▸ Try it: Would you return the lines between the one holding "一边靠洱海,蓝天、白云、树林" and the one holding "도대체 어떤 맛이길래", inclusive, and only those, exactly as they stand in the listing below?

Segment Start: Provided material

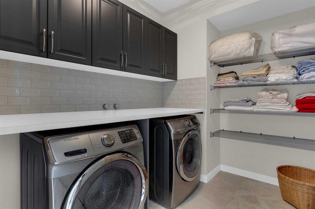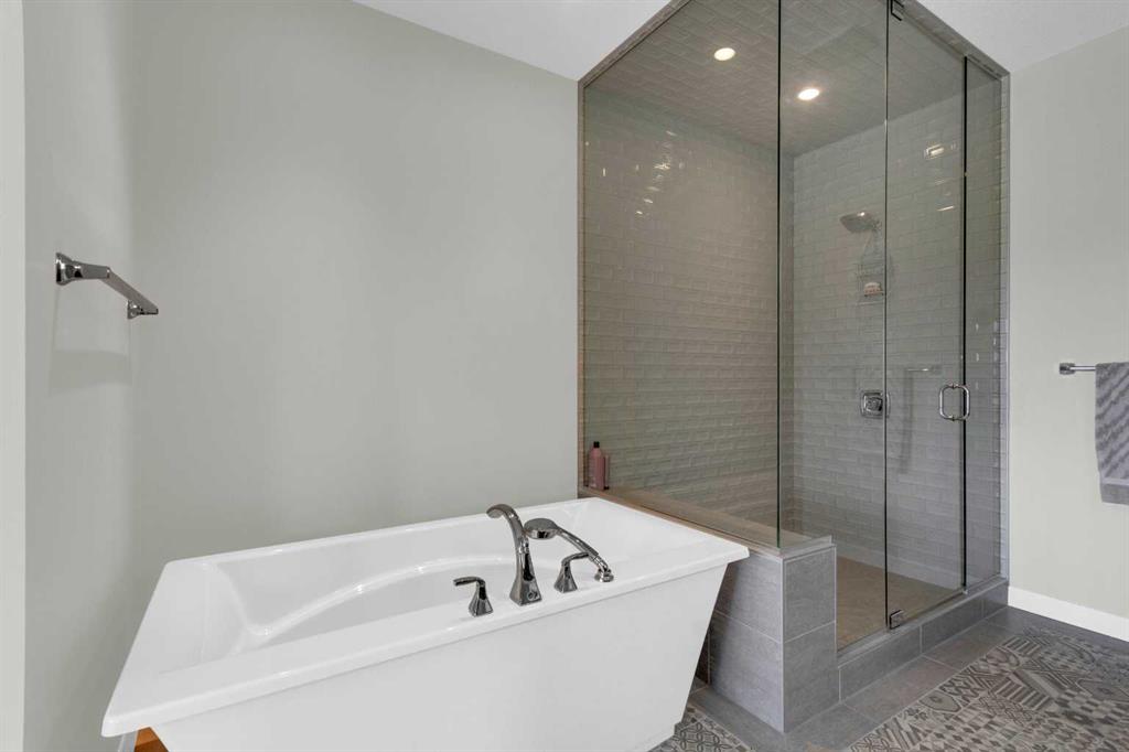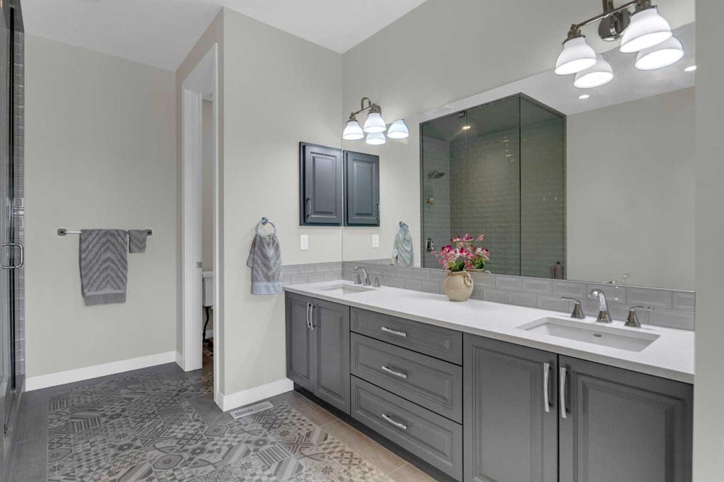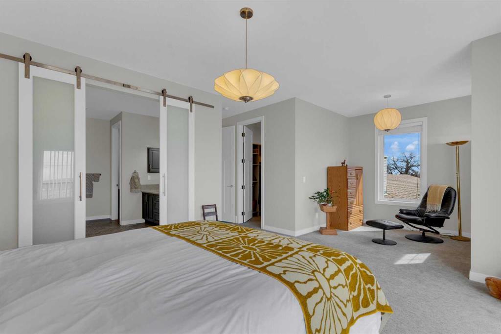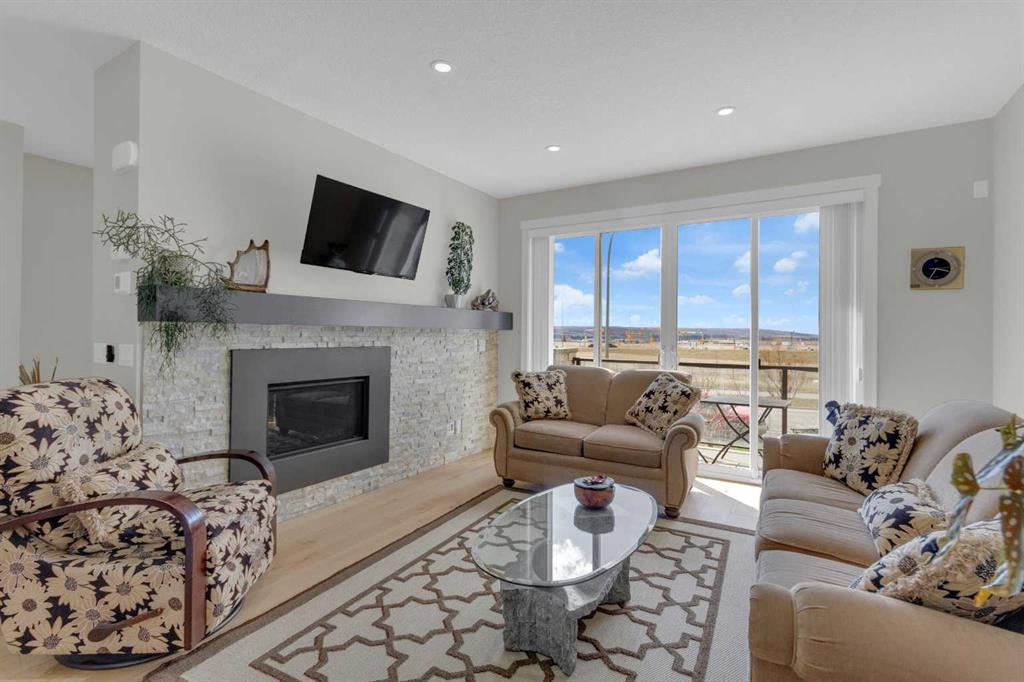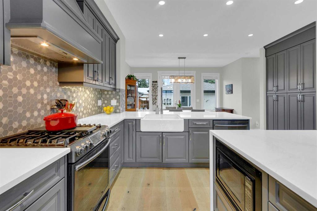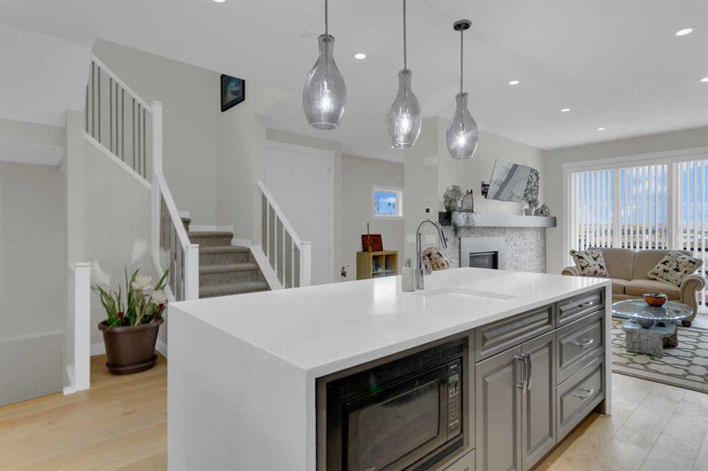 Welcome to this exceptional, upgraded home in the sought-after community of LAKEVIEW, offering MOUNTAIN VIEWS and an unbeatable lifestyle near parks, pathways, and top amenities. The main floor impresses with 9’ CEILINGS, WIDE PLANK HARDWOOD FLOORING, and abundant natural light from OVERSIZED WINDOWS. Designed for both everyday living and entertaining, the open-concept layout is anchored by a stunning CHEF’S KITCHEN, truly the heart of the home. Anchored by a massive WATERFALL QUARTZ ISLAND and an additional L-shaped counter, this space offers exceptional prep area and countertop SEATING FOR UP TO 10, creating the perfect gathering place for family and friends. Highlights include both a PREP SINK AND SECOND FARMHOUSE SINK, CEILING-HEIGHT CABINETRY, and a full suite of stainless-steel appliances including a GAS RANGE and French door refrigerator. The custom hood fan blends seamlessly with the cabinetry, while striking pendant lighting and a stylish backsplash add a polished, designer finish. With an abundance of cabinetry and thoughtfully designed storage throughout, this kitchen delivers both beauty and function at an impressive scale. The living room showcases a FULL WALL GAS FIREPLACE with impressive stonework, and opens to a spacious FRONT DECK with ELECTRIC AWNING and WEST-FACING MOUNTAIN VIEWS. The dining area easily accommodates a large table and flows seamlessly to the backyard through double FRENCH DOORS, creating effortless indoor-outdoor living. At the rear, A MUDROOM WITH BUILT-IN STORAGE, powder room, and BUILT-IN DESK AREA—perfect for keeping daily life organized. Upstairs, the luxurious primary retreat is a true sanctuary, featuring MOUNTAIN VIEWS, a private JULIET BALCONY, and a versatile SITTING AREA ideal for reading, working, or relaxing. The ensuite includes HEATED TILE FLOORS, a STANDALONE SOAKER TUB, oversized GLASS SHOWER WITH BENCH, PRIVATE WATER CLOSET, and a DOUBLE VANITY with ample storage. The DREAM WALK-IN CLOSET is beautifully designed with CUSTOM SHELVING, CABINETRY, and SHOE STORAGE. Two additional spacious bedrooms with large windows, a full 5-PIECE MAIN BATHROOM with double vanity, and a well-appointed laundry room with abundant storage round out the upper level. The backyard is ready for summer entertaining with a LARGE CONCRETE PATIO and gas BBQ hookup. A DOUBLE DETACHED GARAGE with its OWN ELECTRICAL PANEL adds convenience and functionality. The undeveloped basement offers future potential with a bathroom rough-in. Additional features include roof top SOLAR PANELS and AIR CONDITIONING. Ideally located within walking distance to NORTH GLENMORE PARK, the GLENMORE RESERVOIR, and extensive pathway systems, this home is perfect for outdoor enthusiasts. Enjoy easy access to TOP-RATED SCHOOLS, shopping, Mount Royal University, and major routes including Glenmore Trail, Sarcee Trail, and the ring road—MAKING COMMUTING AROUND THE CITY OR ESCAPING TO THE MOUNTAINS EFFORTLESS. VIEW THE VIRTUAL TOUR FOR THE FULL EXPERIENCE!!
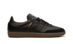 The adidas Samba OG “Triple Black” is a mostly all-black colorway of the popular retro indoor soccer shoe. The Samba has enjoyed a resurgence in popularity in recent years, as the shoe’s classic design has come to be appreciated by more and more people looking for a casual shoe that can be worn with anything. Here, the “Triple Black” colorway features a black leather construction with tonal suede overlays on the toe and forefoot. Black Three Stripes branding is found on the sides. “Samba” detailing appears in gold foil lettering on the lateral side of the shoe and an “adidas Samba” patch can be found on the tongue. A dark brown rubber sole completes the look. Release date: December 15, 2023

Segment End: Provided material
Segment Start: Provided material

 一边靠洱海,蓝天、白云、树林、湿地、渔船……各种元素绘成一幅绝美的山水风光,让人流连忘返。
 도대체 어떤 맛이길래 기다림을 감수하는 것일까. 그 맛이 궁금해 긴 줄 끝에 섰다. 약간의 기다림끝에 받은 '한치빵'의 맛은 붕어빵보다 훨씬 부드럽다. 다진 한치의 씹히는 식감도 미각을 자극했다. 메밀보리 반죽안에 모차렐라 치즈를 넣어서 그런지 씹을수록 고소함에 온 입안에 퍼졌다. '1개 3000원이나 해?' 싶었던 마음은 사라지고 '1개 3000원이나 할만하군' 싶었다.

Segment End: Provided material

▸ Result:
 一边靠洱海,蓝天、白云、树林、湿地、渔船……各种元素绘成一幅绝美的山水风光,让人流连忘返。
 도대체 어떤 맛이길래 기다림을 감수하는 것일까. 그 맛이 궁금해 긴 줄 끝에 섰다. 약간의 기다림끝에 받은 '한치빵'의 맛은 붕어빵보다 훨씬 부드럽다. 다진 한치의 씹히는 식감도 미각을 자극했다. 메밀보리 반죽안에 모차렐라 치즈를 넣어서 그런지 씹을수록 고소함에 온 입안에 퍼졌다. '1개 3000원이나 해?' 싶었던 마음은 사라지고 '1개 3000원이나 할만하군' 싶었다.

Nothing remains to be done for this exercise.